Genius Now

Generalist, strategist, futurist and systems.
Consciousness, technology, reality, transitions
Future thinking, current living.
I'd rather draw the lines than color either inside or out.

The New City-States - Dixie's Structural Issues.

Looking regionally at the emerging present is useful, but it is too broad. Trends towards greater urbanization aren't likely to change. A great deal of thought has been given to the urbanization trend, and what it implies in terms of economies and social organization. The combination of urbanisation and national political gridlock is leading to the emergence of "megaregions" - highly urbanised landscapes and their immediately supporting rural landscapes. If this resembles the city-state model to you, you're not alone in seeing that.
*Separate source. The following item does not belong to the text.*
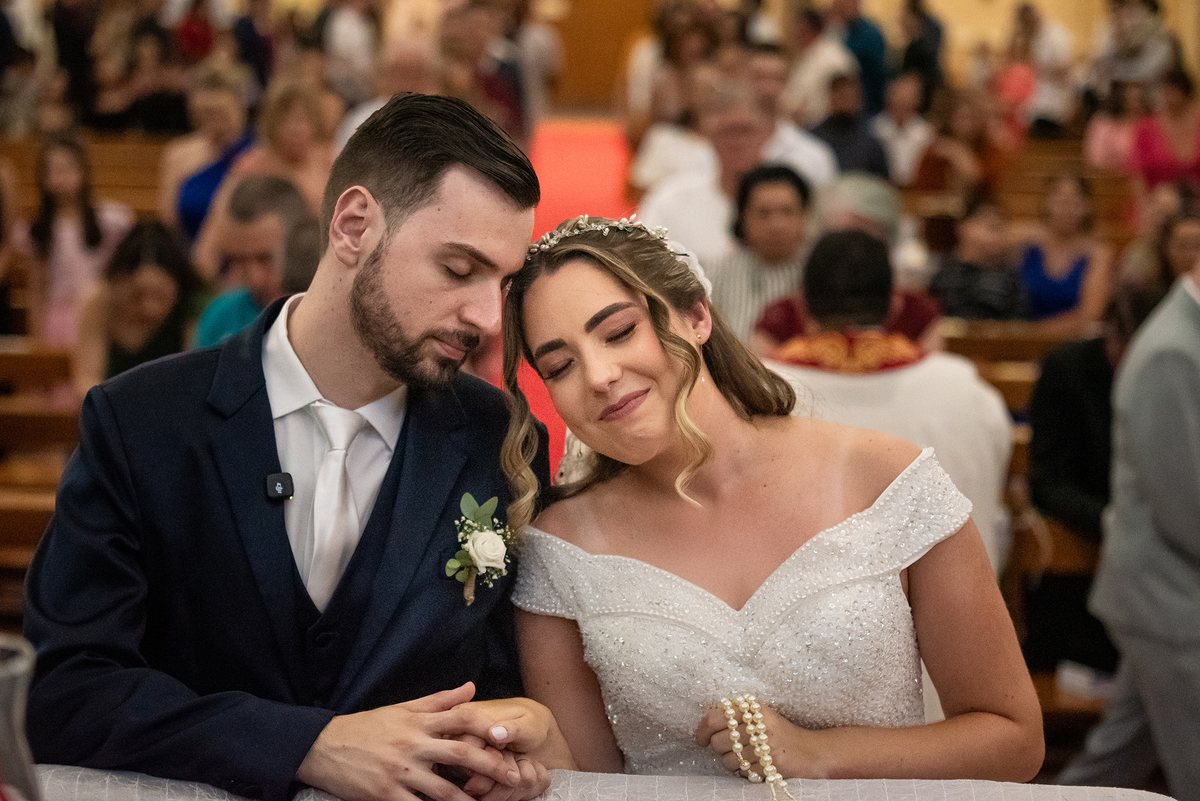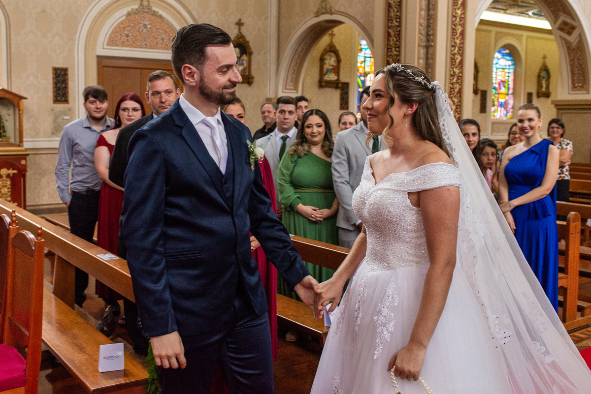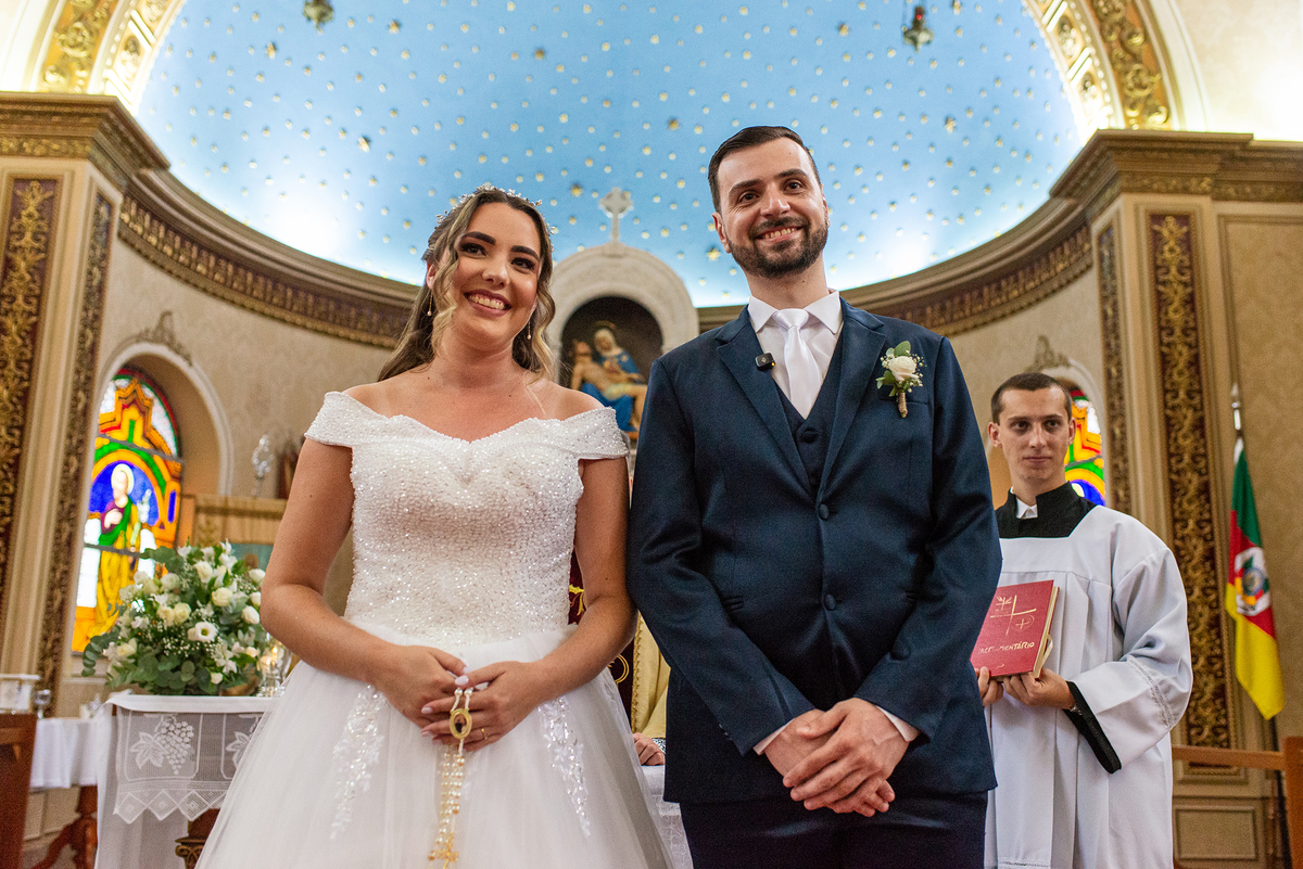 Um casamento na igreja sempre tem seu charme e valor, pelo grande simbololismo que o momento representa, o que fez muito sentido ao casal que se conheceu pelas paróquias da vida.

The Brookings Institute (and others) have already seen this, and are presenting the model to selected groups of business and civic leaders. Not surprisingly, they started their presentations in the Bay Area.

Higher densities reduce energy costs and create competitive advantages. Globalisation favors urban centers with high per capita gdp and high cultural spending. Sustainability favors local -region agriculture and high-value regional exports with low per-unit environmental costs. Resiliency favors distributed systems, an active civic sphere, and a broadly-educated population. The extent to which a city-state can meet those criteria adds substantially to its' ability to thrive regionally and globally.

Which is to say, the new American city-states are not emerging equal. The best-prepared cities for climate-change (San Francisco, Seattle, Portland) will be among the least affected by it. The lowest cost of energy as percent of gdp and highest productivity of energy usage are in the same places. So is the potential for reinvigorated local agriculture.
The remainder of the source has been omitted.